Damore’s memo doesn’t address any of the real experiences that women in male-dominated STEM fields face. It’s a lot easier to claim that my anger and stress are just a side effect of my gender’s penchant for neuroticism than to address the many ways in which people like me are not welcomed in STEM. And even more troublesome are Damore’s suggestions to correct this so-called ideological problem at Google. He believes that diversity training that centers women and people of color is discriminatory toward white men (although men make up 80 percent of the tech workforce at Google, of which 53 percent are white people) and calls for the elimination of crucial diversity programs. Damore also suggests that Google stop diversity training, including microaggression training, because according to him it “incorrectly and dangerously equates speech with violence,” as if sexism and racism have no real and negative effects on those who experience it.
It’s no coincidence that James Damore is a white man, because only someone who has never been belittled simply because of their sex, gender, or race would be OK suggesting that any of these characteristics makes one unsuitable for careers in STEM. The rest of us have to work in environments where, regardless of how much we have studied and achieved, others just see us as either the exception to the norm or a fraud, never thinking that many of us do our work while also battling sexism and racism, and unlearning harmful stereotypes that we have internalized from our environment and upbringing.

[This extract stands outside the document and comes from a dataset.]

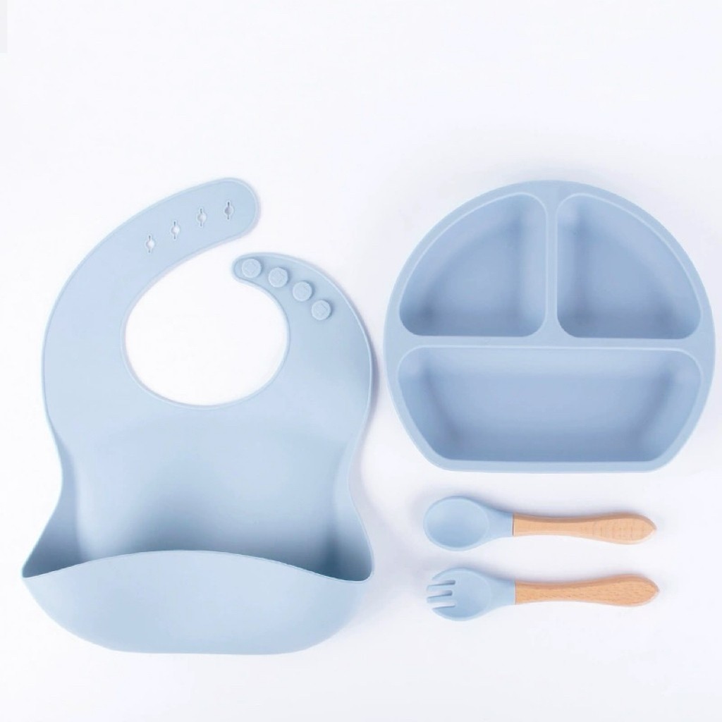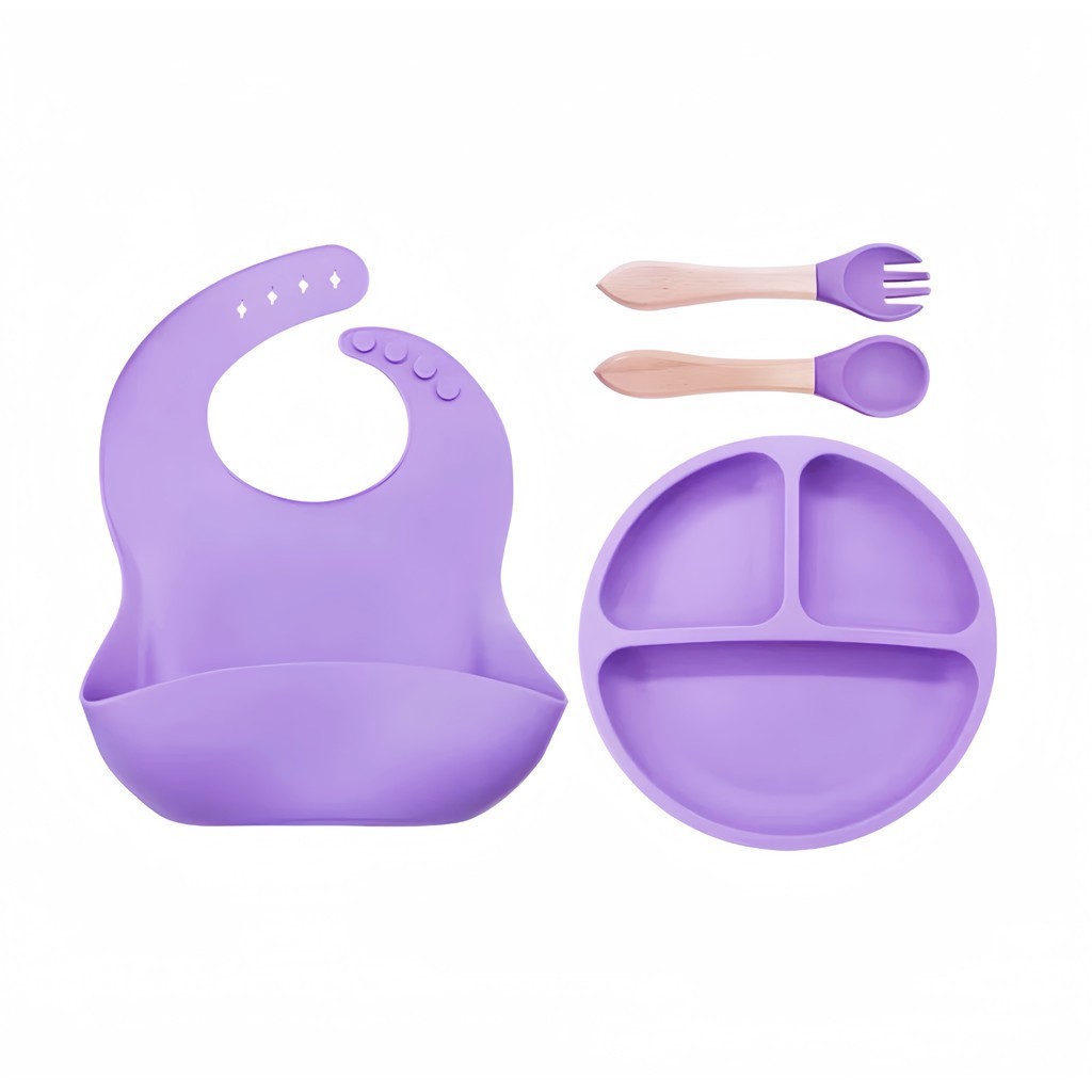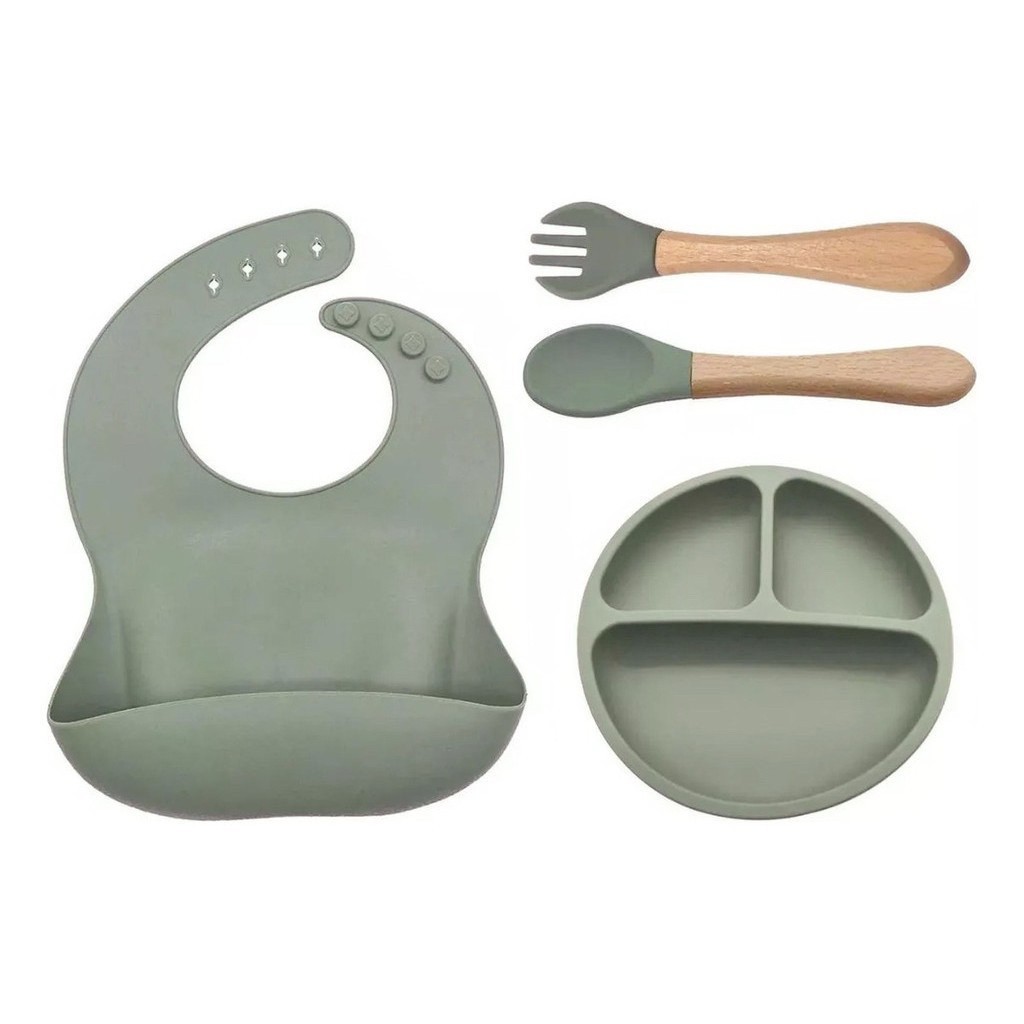 Kit Talheres bebê silicone 4/6/8 Peças Talheres Infantil Com Ventosa Canudo Colher Babador Garfo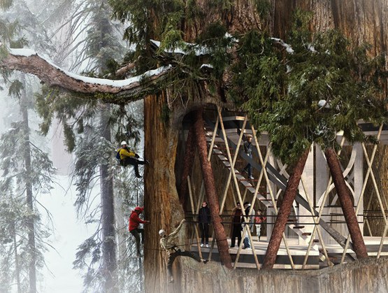 这个设计方案被称为“礼物:大纪念碑”(Tribute: The Monument of Giant)。这个有远见的方案设想在巨杉树干的空洞内建筑房屋,这种加利福尼亚红杉树原产于内华达山脉。建筑物将放置在心材腐烂的红杉树干内,防止这种古老的树木倒下。

As one of two women in my engineering department, and the only person of color, I was made to feel like I was a constant distraction to others and far too different from the norm to be taken seriously. After years of dealing with people just like James Damore and an environment that refused to specifically address sexism and racism, I gave up. It’s not the story of perseverance through the odds that we’re accustomed to, but it’s the reality of a lot of women in STEM.
I continue to be an advocate for women in STEM, and will continue my activism because I know that if women and people of color who experience bias in STEM do not speak up, there will be no change in the industry. My experience is personal, but it’s not unique, and I hope it serves as a way to make the industry a safer and more welcoming place for marginalized people.